Researchers are getting smarter at finding the right biomarkers and screening methods.

Biomarkers are a way to identify the presence of cancer in the body. They can be used to determine if a patient is a candidate for a drug, or if a treatment is working. Biomarkers are also used as screening methods for early detection (like colonoscopy).

In pancreatic cancer research, biomarkers have been hard to find because pancreatic tumors don’t have many recognizable features that make them easy to identify and study. But researchers are getting smarter at finding these elusive biomarkers—and it’s making all the difference in their ability to cure this deadly disease.

The process of clinical trials has improved.

As you may know, clinical trials are the next step in the medical process after a medication or treatment has been tested in animals and then tested on humans. Clinical trials are a way to get new drugs and treatments approved for use. They can also be used to test out new procedures or surgeries before they become standard practice.

In order for new treatments to be approved, they must pass through rigorous testing by experts called Institutional Review Boards (IRBs). These boards ensure that patients are given accurate information regarding their participation in clinical trials. If someone enrolls in a trial without knowing this information, then it could be considered unfair treatment—and therefore unethical!

There’s more money in pancreatic cancer research than ever before.

The National Cancer Institute has increased its budget for pancreatic cancer research by more than $100 million in the last five years. Although much of that increase was provided by the American Recovery and Reinvestment Act (ARRA) of 2009, it stands to reason that there will be continued funding for pancreatic cancer research moving forward.

There are more reasons to be hopeful​ about finding a cure for pancreatic cancer than ever before.

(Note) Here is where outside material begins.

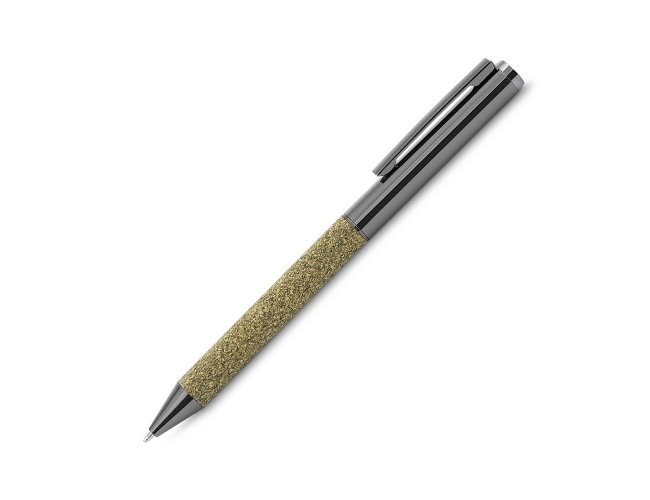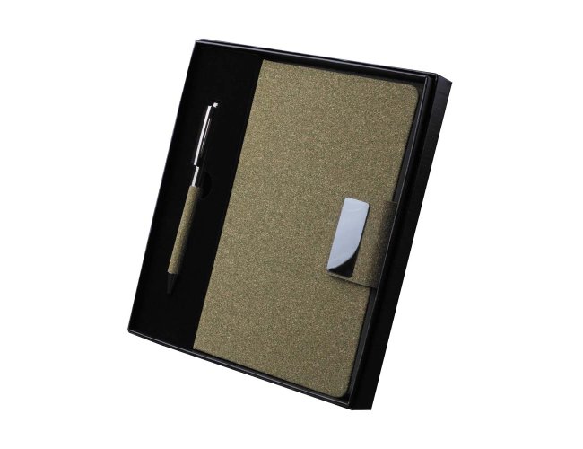Kit de Escritório composto por caderno tamanho A5, com capa em PU e detalhe em fibra de chá ou café, contendo 80 folhas pautadas de 70g/m². Acompanha caneta metálica com acabamento no mesmo material de fibra, formando um conjunto elegante e sofisticado. O kit acompanha estojo de papelão na cor preta.

There are more reasons to be hopeful about finding a cure for pancreatic cancer than ever before. The number of people surviving the disease is increasing, and there are new treatments that improve outcomes. New screening methods are helping doctors diagnose pancreatic cancer earlier. More money is being invested in research into this deadly disease, thanks in part to public awareness campaigns such as the Pancreatic Cancer Action Network’s Purple Stride walks. And better understanding of the biology of pancreatic cancer is helping researchers develop new therapies to target it more effectively and specificially.


By taking a closer look at the state of pancreatic cancer research and treatment today, we can see that there’s plenty of reason to be hopeful about finding a cure for this disease. Researchers have made great strides in understanding what causes pancreatic cancer, as well as how best to treat it. New drugs are being developed every day—and some of them may even be able to stop the disease from spreading in the first place! We’re also getting better at screening people who are at risk for pancreatic cancer so they can get diagnosed earlier on when treatment options might be more effective.